I follow that the New York trust law, REMIC rules and PSA provisions probably make certain actions (any “action” in an essentially “passive” entity) of the trustee (primarily acceptance or conveyance of assets) ultra vires, but so far, I haven’t seen a clear indication that anybody except beneficiaries of the trust would have standing to assert the ultra vires argument. Bankruptcy cases denying relief from a stay for lack of standing, IMO, are not the best guide because the claimant just has to wait out the stay until there is a dismissal or discharge. Lien avoidance (that is upheld on appeal), on the other hand, will be a very good guide.
Yves Smith, thanks for all the great reporting and
commentary.
I have a question about how the sample data from Clayton
just might help a prosecutor, so I’ll give the general idea.
I think I understand the issue about reps.
and warranties: it’s too late now to
be of use in a lawsuit by MBS investors
that would seek repurchases from banks?
In other words, they might succeed with
other issues, such as the PSA but not
the reps. and warranties in the prospectus
or elsewhwere?
Anyway, yesterday I watched the video of the FCIC with Angelides
in Sacramento around Sept. 23. There was a session with Johnson and
a current Clayton executive. Presumably, Clayton might
have kept copies of their “due diligence” and “compliance”
testing/quality asuarance work. I don’t know if it was compliance for
REMIC rules, trust law, or the eventual securitization,
or none of the above.
I only watched the video once. I got the impression
the iBanks wished to know which loans had compliance
problems (per Johnson’s testimony). Still, as only about 10% of bought loans were
sampled, the iBanks would only know about “regulatory
compliance” problems for 10% of the mortgage/(mortage files) bought.
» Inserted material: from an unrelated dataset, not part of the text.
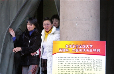 昨天上午11點(diǎn)半,首都師范大學(xué)英語(yǔ)四級(jí)考場(chǎng)散場(chǎng),物理系大三的小沈抱怨今年的考試太難,英語(yǔ)的詞匯量和閱讀量有點(diǎn)大。他非常遺憾沒(méi)趕上報(bào)名參加試點(diǎn)機(jī)考,“聽(tīng)說(shuō)機(jī)考聽(tīng)力比重大,而我的閱讀能力沒(méi)有聽(tīng)力好!

Anyway, assuming Clayton kept copies of their reports
on the total 910,000 loan files they sampled, and assuming a prosecutor
somehow got a copy of those from Clayton, do you think these and
maybe testimony from Clayton people could help
to establish “probable cause” or “reasonnable grounds”,
as the case may be, so that a judge might be willing to
issue a subpoena to an originator or iBank for
“lots” of mortage documentation files? The
attorney/prosecutor might want to see loan
documents as part of an investigation.